Father Charles Uncles, who would become the first Black Catholic priest ordained on American soil in 1891, later wrote that Janssens's article in The Catholic World had greatly encouraged him.

Janssens's ministry to African Americans continued as Archbishop of New Orleans. He frequently condemned the Regulators, a white supremacist organization that was active in Louisiana. In 1889, he prohibited members of the Regulators from receiving the sacraments, saying, "Better sometimes to cut off a few members than to have a cancer set in the whole body." In 1896, he called for civil authorities to "disband and punish" the group. He also described anti-miscegenation laws as "unjust and uncalled for". His actions earned the praise of Louis A. Martinet (1849–1917), a civil rights activist and founder of the Comité des Citoyens, who said, "The Catholic Church is more of a safeguard to us in matters affecting the equality of men than any other church."

As archbishop, Janssens was a strong supporter of the Sisters of the Holy Family, a religious order of Black nuns based in New Orleans. Through financial donations from Thomy Lafon, Janssens opened an orphanage for Black boys, a reform school for Black girls, and a retirement home for Black seniors—all of which were staffed by the Holy Family Sisters.
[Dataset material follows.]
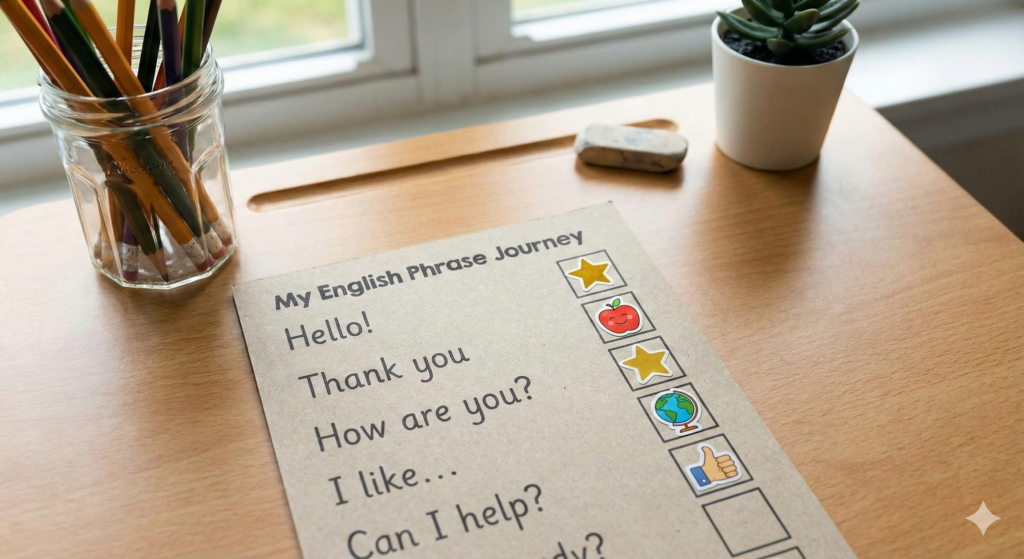 シールやチェック表で「今日言えたフレーズ」を残すと、子どもが成長を実感しやすいです。見える化はやる気の維持に向いています。
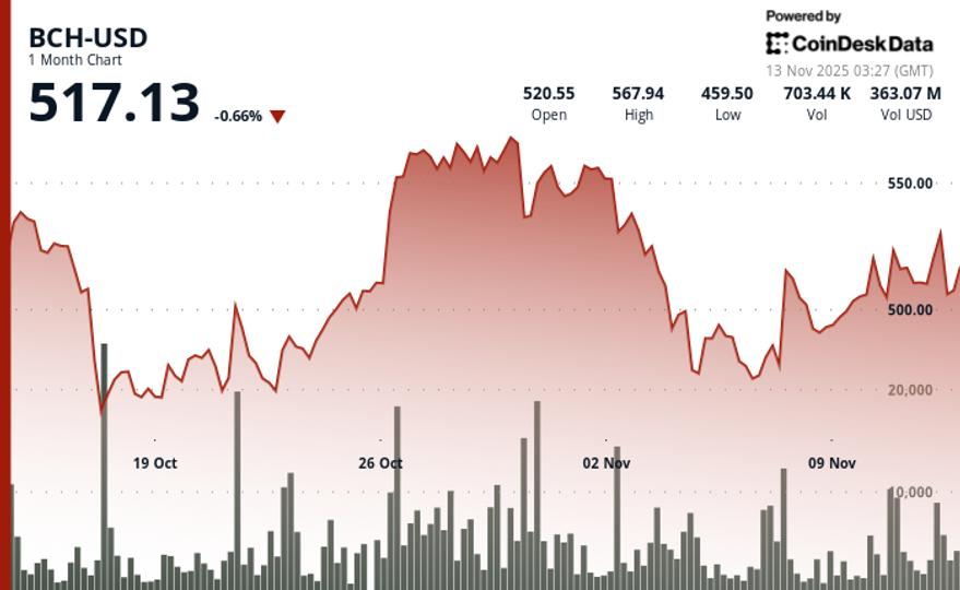 According to CoinDesk Research’s technical analysis data model, posted solid gains during Wednesday’s session, advancing 1.9% from $508.32 to $518.01 amid heightened volatility across crypto markets. The move established clear bullish momentum within a $32.78 trading range, representing 6.4% intraday volatility as BCH outperformed while most altcoins stumbled at key resistance zones.

===St. Katharine's Church, New Orleans===
One of Janssens's goals as archbishop was to establish a church in New Orleans to serve the city's Black Catholics. This was not to enforce segregation, but to fill the same function as national parishes for European immigrants. He also wanted to counteract conversions among Black Catholics to Protestant groups.

However, Janssens's plan was met with opposition from some Black leaders in the city. According to Janssens, this opposition stemmed from a concern that "different churches will tend to a greater social separation." In February 1895, the Comité des Citoyens encouraged Black Catholics to avoid a separate church in The New Orleans Crusader. E.W.S. Hammond, the editor of the Southwestern Christian Advocate, described Janssens's plan as "a surrender to a most cruel prejudice, and mars an otherwise honorable record."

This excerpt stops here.